Tuesday 25 April 2017

Defence forces: Finance puts Army in the crosshairs once again

Tom Brady Security Editor

DEFENCE Minister Tony Killeen last night admitted that the scale of the cutbacks being imposed on the Defence Forces will significantly challenge their capacity to meet the targets assigned by the Government.

The military organisation has been drastically slimmed down since a major overhaul was introduced in the 1990s.

This resulted in the strength of the forces being reduced from 12,700 to 10,500, with an additional group of 250 troops in training.

The add-on training complement has since been scrapped and over the past couple of years the strength has dropped well below the agreed figure.

Strength

The four-year plan for the defence budget envisages another fall in personnel numbers, including civilian employees but not civil servants, from 10,800 to 10,300.

And it warns the cuts in strength could be even greater if it proves difficult to achieve the savings at the targeted personnel level.

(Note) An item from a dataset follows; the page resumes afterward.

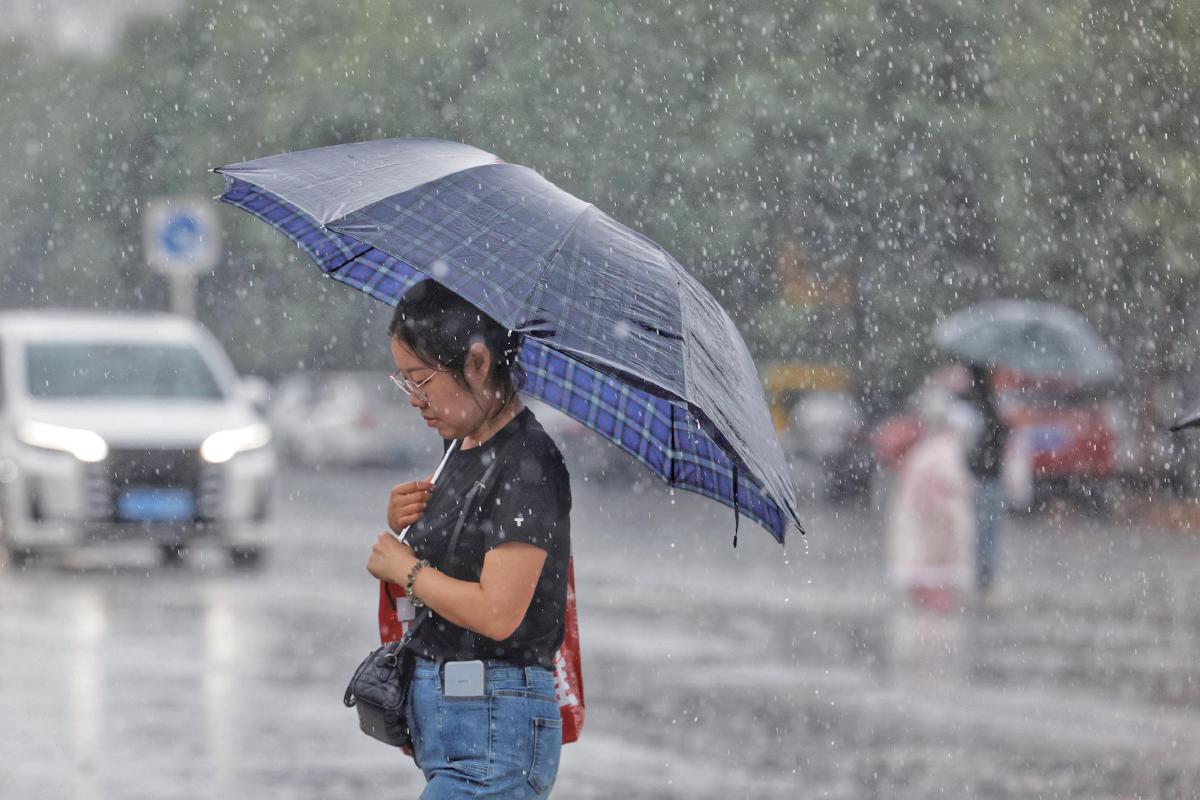 场景:市民在雨中出行。新京报记者 尹亚飞 摄

The overall organisation and structure of the Defence Forces is being reviewed, but the plan does not spell out what further changes might be envisaged for an organisation that has probably undergone and accepted more fundamental change in little over a decade than any other in the State.

The plan bluntly states that the Defence Forces will co-operate with the flexible deployment and redeployment of personnel.

Overall savings in the plan are being listed at €106m. This amounts to a massive 15pc reduction on the 2010 budget, excluding pensions.

It is envisaged that €46m in cuts will be achieved partly by a reduction in the provision for allowances for overseas deployment by the Defence Forces, a smaller number of civilian employees attached to military installations and by either deferring or cancelling the intended purchase of replacement equipment as well as building and maintenance projects.

The balance of €20m will be generated from payroll savings.

The plan suggests that as the public service payroll represents about one third of overall spending, there is significant scope to make major savings, and it says this is a key element of the overall consolidation strategy.

The purchase of new ships for the Naval Service escapes the axe as a contract was recently signed with the suppliers and details agreed on phased payment.

Further measures are being planned to net another €60m by 2014.

"We will seek to maintain the capability of the Defence Forces to the highest standard during this difficult period and I have every confidence that the Department of Defence and the Defence Forces will meet the challenge," Mr Killeen said.